FENG SHU is a professor with the School of Information and Communication Engineering at Hainan University, Haikou, China, and also with the School of Electronic and Optical Engineering at Nanjing University of Science and Technology, Nanjing, China. He has been awarded with Mingjian Scholar Chair Professor in Fujian Province, China. He has published more 300 journal papers on machine learning, signal processing and communications, with more than 270 SCI-indexed papers and more than 180 IEEE journal papers. Now, he is an editor for several international journal such as IEEE Wireless Communications, IEEE Systems Journal and IEEE Access. His research interests include machine learning, and low-complexity algorithms with applications in wireless communications.

MAOLIN LI is a PhD student in the School of Information and Communication Engineering at Hainan University, Haikou, China. His research interests include massive MIMO, physical layer security, and intelligent reflecting surface.

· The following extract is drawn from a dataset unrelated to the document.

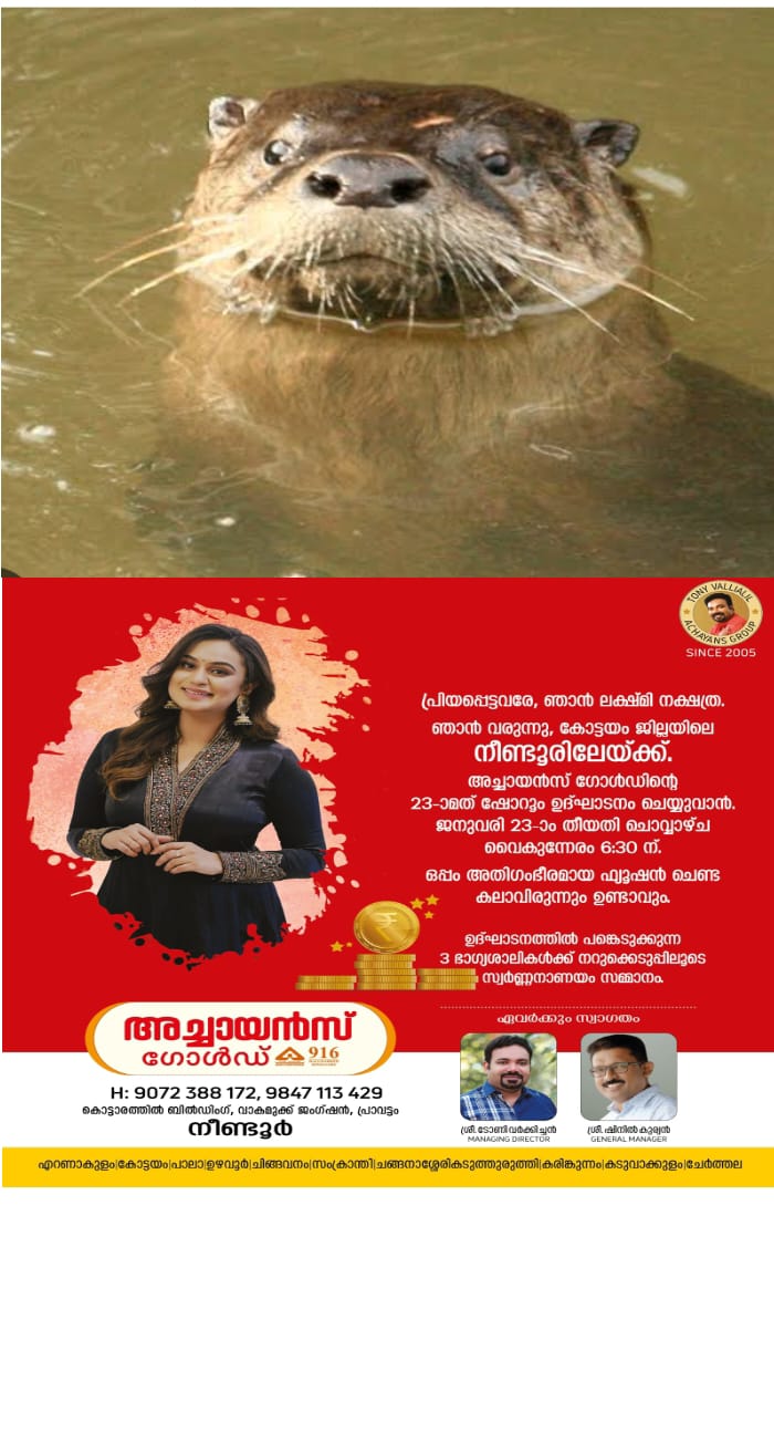 കരീമഠം : അയ്മനം പഞ്ചായത്തിൽ ഒന്നാം വാർഡിലെ കരീമഠം പ്രദേശത്ത് നീർനായ് ശല്യം അതിരൂക്ഷം. പുഷ്പ്പ തടത്തിൽ വീട്ടിൽ സജിമോൻ വിളവെടുത്ത ശേഷം ആറ്റിൽ വലയ്ക്കുള്ളിൽ സൂക്ഷിച്ച വളർത്തു മത്സ്യങ്ങളെ കഴിഞ്ഞ രാത്രിയിൽ നീർനായ കൂട്ടം തിന്നു . സിലോപ്പിയ, വരാൽ എന്നീ മത്സ്യങ്ങളെയാണ് നീർനായ്ക്കൾ തിന്നു തീർത്തത്.

KE YANG received the B.E. degree from Nanchang University, China, in 2021. He is currently pursuing the M.S. degree with the School of Information and Communication Engineer, Hainan University, China. His research interests include physical layer security and intelligent reflecting surface.

BIN DENG received the B.E. degree from East China University of Technology, China, in 2023. He is currently pursuing the M.S. degree with the School of Information and Communication Engineer, Hainan University, China. His research interests include massive MIMO, intelligent reflecting surface.

XUEHUI WANG received the M.S. degree from Hainan University, China, in 2020, where she is currently pursuing the Ph.D. degree with the School of Information and Communication Engineering. Her research interests include wireless communication, signal processing, and IRS-aided relay systems.

FUHUI ZHOU is currently a Full Professor at Nanjing University of Aeronautics and Astronautics. He is also with Key Laboratory of Dynamic Cognitive System of Electromagnetic Spectrum Space, Nanjing University of Aeronautics and Astronautics. He is an IEEE Senior Member. His research interests focus on cognitive radio, cognitive intelligence, knowledge graph, edge computing, and resource allocation.

CUNHUA PAN ([email protected]) received Ph.D. degrees from Southeast University, China, in 2015. He is a full professor in Southeast University, China.

QINGQING Wu received the B.Eng. and the Ph.D. degrees in Electronic Engineering from South China University of Technology and Shanghai Jiao Tong University (SJTU) in 2012 and 2016, respectively. From 2016 to 2020, he was a Research Fellow in the Department of Electrical and Computer Engineering at National University of Singapore. He is currently an Associate Professor with Shanghai Jiao Tong University. His current research interest includes intelligent reflecting surface (IRS), unmanned aerial vehicle (UAV) communications, and MIMO transceiver design.